▶ _Instructions for the task_
Nothing but the lines from the top of the records through the line with "Tessuto a una" should be returned, exactly, and without pictures.

*** Provided data ***

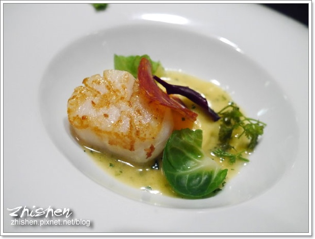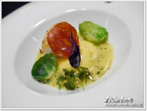 方型的義式餃子ravioli有著軟Q口感的麵皮,內餡包裹有著香濃乳香的布拉塔Burrata起司,外頭則再以輕薄奶味及淡淡香氣的鼠尾草奶油醬汁豐富整個味道,外輕內重的風味相互調合,有種說不出的合諧!而一旁外焦酥內半熟的海道炙燒干貝口感細嫩,其驚人的鮮味甜度著實令人為之眼睛一亮
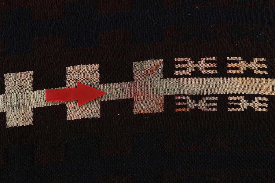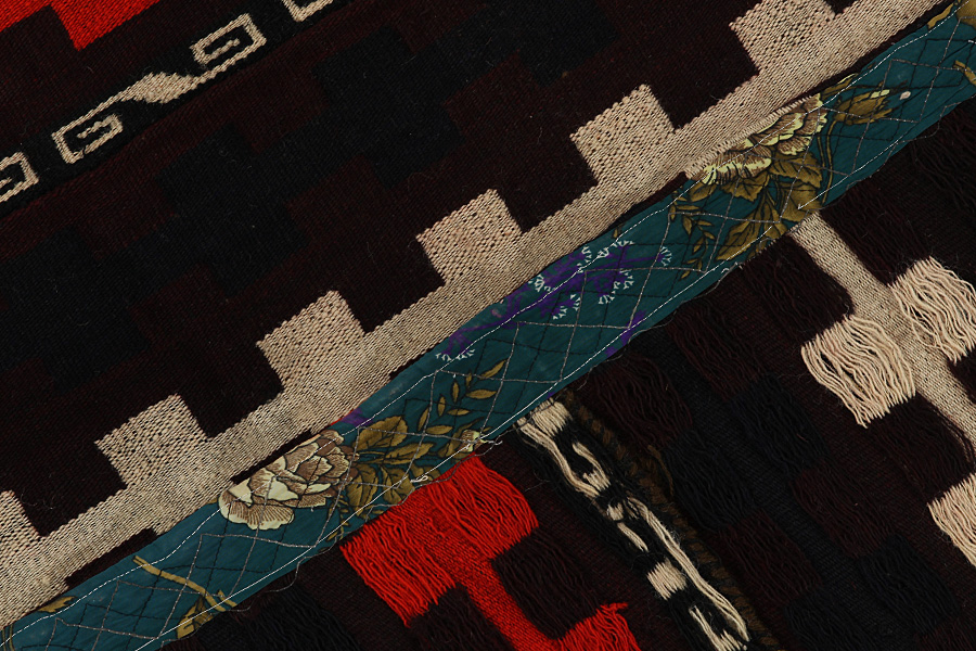 Tessuto a una o ad entrambe le balze terminali del lato lungo del tappeto: In determinati tappeti i nomadi,su una delle due lunghezze o su entrambe,intessono le frange in uno stretto Kilim o le intrecciano elaboratamente in piccole trecce.Trattasi di una tecnica adottata da diversi tessitori per ottenere maggiore robustezza o semplicemente dare sfoggio della loro bravura. Esempi
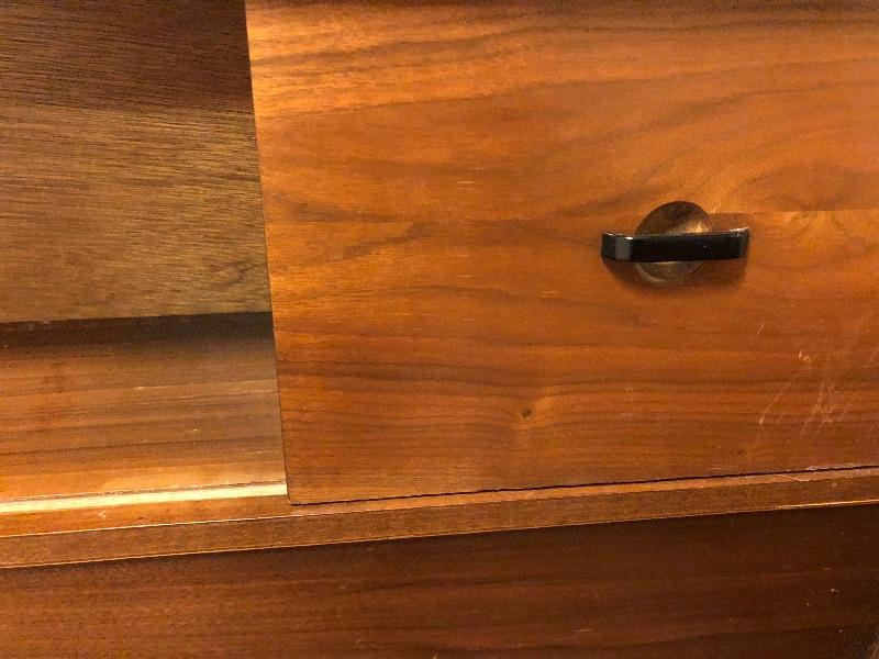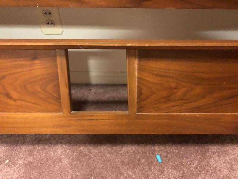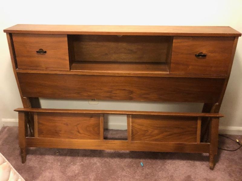 Montgomery Ward MCM headboard and foot board with rails slide-able cupboard space on dresser vintage used condition size full. Great condition, although the top rail on the foot board is loose, a bit of glue should remedy it. . This is an ONSITE Auction all items will need to be picked up on location. Please see auction description for pick up procedures.
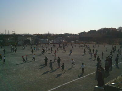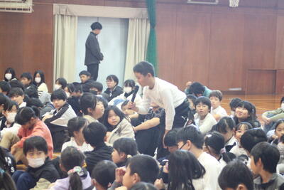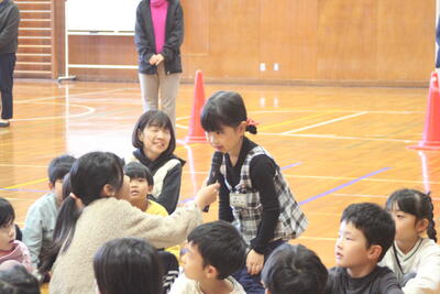 各クラス5人ずつと「やかたんフラワーズ(児童会役員)」が鬼になり、全校児童が一斉に逃げ回る壮大な氷鬼となりました。寒い中でしたが、みんな笑顔で元気いっぱいに逃げたり、追いかけたりしていました。この企画をもとに、もっと全校児童の仲が良い舘小学校になっていくとよいですね!
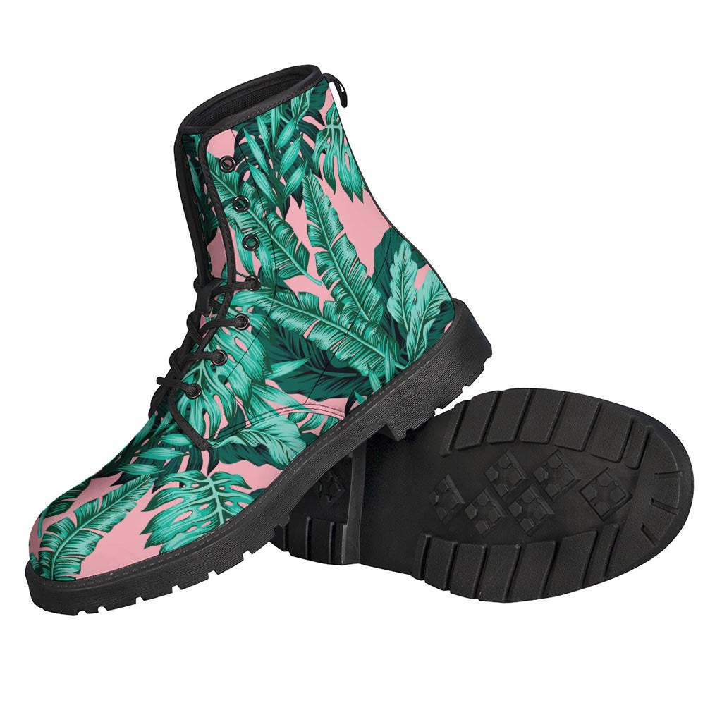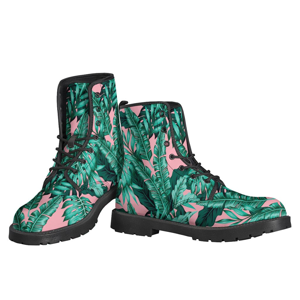 Teal Banana Leaves Pattern Leather Boots for Fashionable Hippies - 1
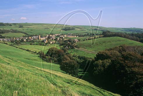 Abbotsbury village with parish church and tythe barn surrounded by lush green hills Dorset England
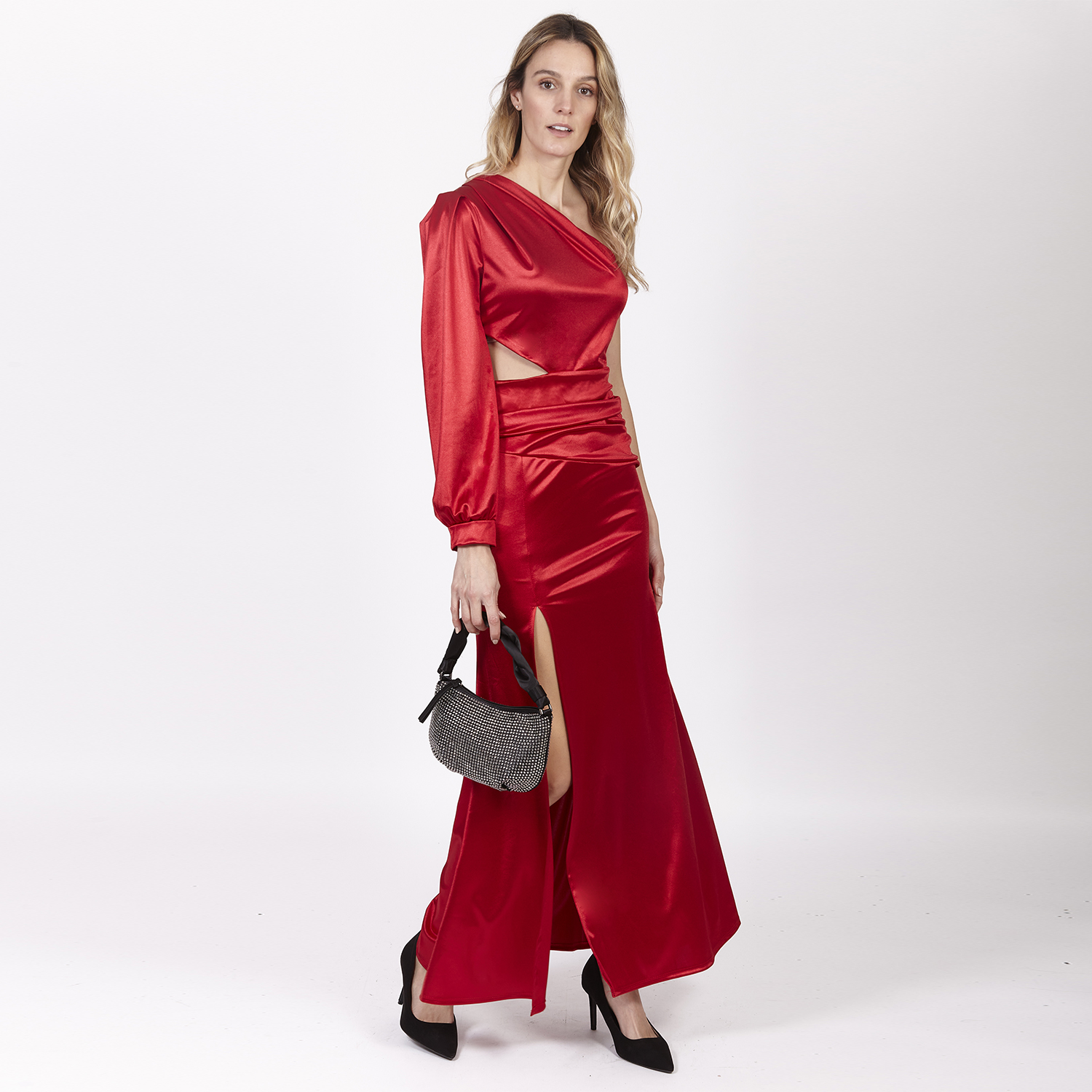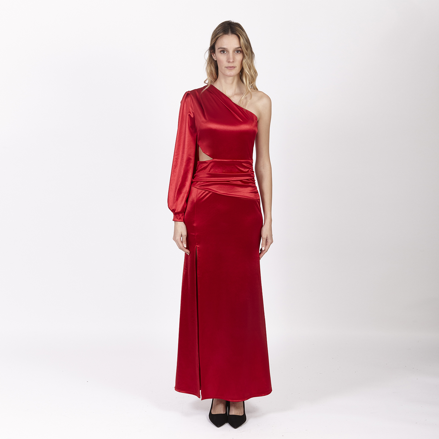 Nuestro vestido más vendido. Vestido de manga asimétrica. Uno de ellos de manga larga y volumen. Escote asimétrico. Vestido largo y entallado que realza la figura de quien lo lleva. En la parte de la cintura tiene una abertura que destaca. Es un conjunto que combina con todo tipo de complementos y es ideal para no pasar desapercibida. No olvides ver nuestra colección completa para completar tu look.
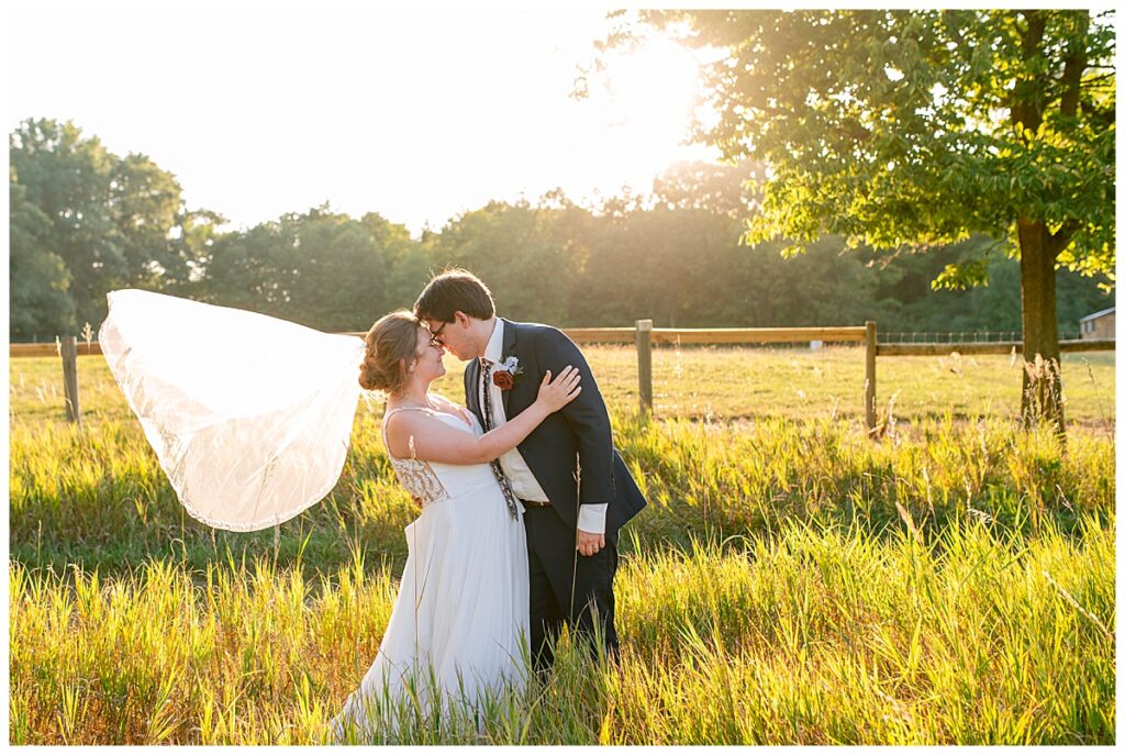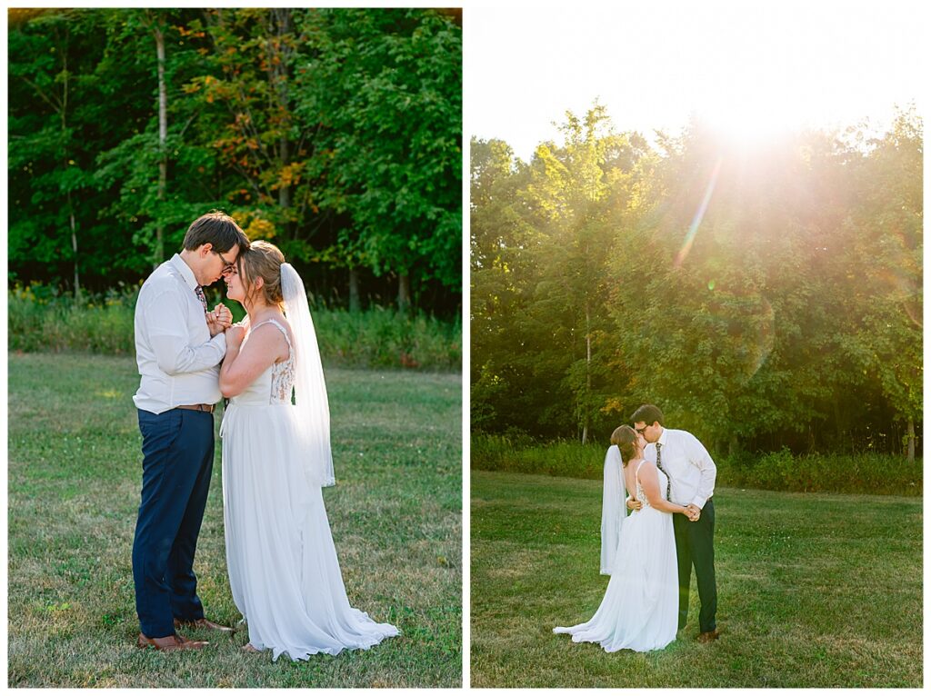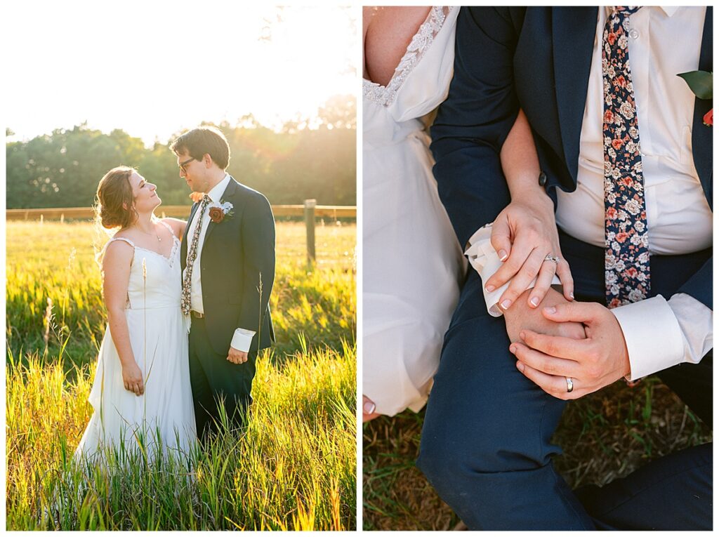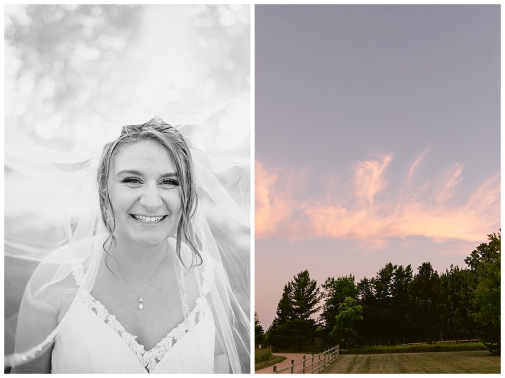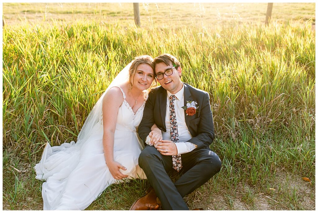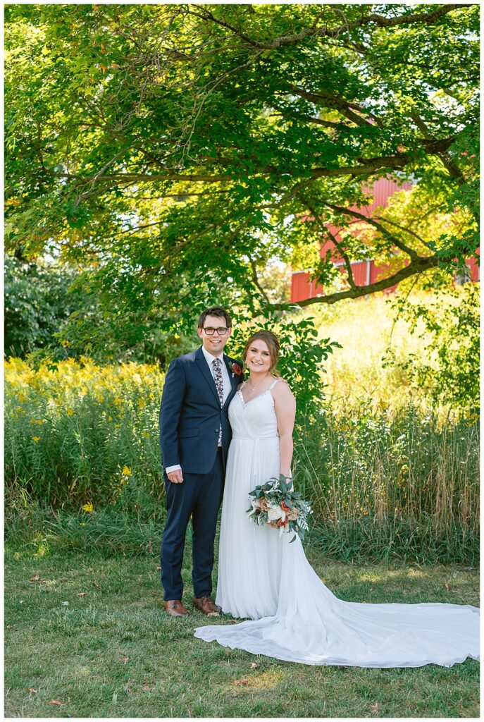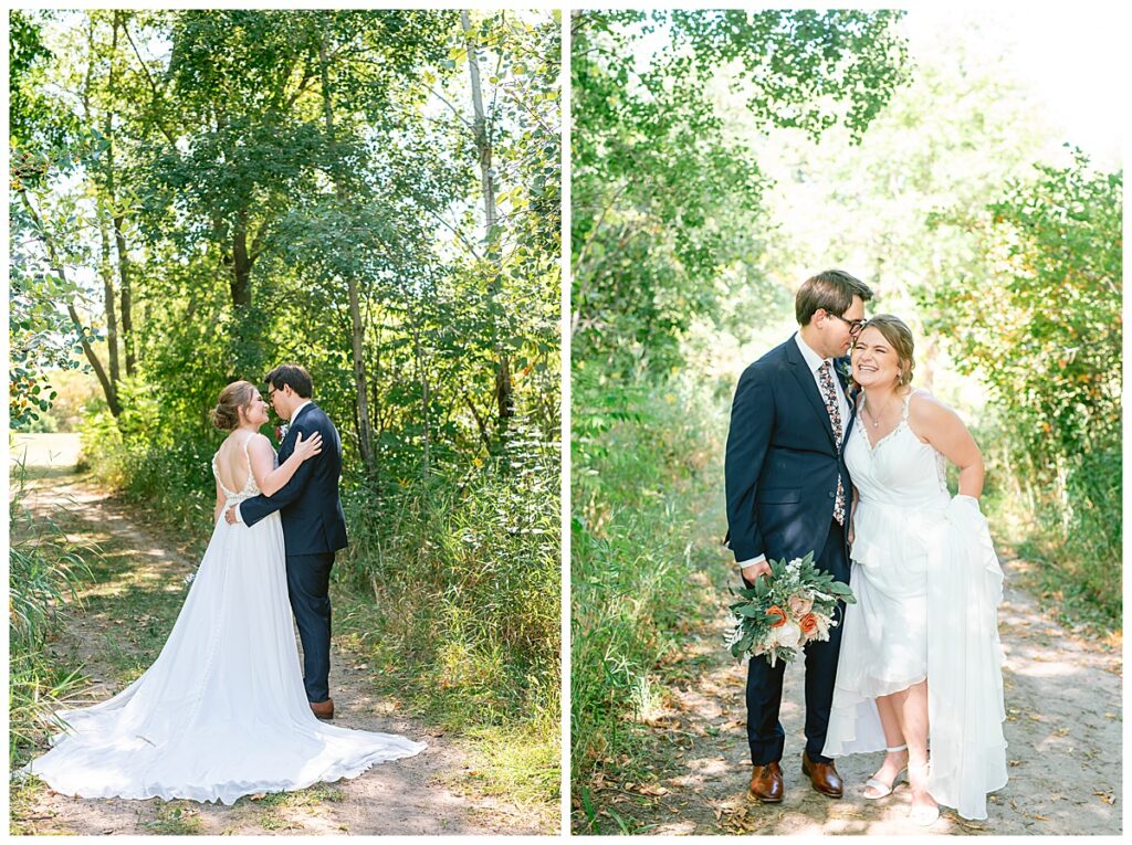 Jordan and Colin chose to host their wedding at Gale Woods Farm. Located on picturesque Whaletail Lake in Minnetrista, Gale Woods Farm features tall grasses, wide open fields and a variety of farm animals for guests to enjoy. The day began while Jordan and her bridesmaids got ready with Brianna Michaelson of Breezy Beauty, who did their hair and make up. Jordan then arrived at Gale Woods Farm in her beautiful Madeline Garner Morilee dress purchased at the Wedding Shoppe in Saint Paul. Colin was waiting for her at the bottom of the hill where the two chose to do their first look. We wandered along the grounds before Colin presented Jordan with a gift, a piece of their beloved stump, ready to be made into a beautiful end table for their home. Jordan was astonished and all tears as she hugged Colin.

*** End of Provided data ***

▶ _Exercise output_
 方型的義式餃子ravioli有著軟Q口感的麵皮,內餡包裹有著香濃乳香的布拉塔Burrata起司,外頭則再以輕薄奶味及淡淡香氣的鼠尾草奶油醬汁豐富整個味道,外輕內重的風味相互調合,有種說不出的合諧!而一旁外焦酥內半熟的海道炙燒干貝口感細嫩,其驚人的鮮味甜度著實令人為之眼睛一亮
 Tessuto a una o ad entrambe le balze terminali del lato lungo del tappeto: In determinati tappeti i nomadi,su una delle due lunghezze o su entrambe,intessono le frange in uno stretto Kilim o le intrecciano elaboratamente in piccole trecce.Trattasi di una tecnica adottata da diversi tessitori per ottenere maggiore robustezza o semplicemente dare sfoggio della loro bravura. Esempi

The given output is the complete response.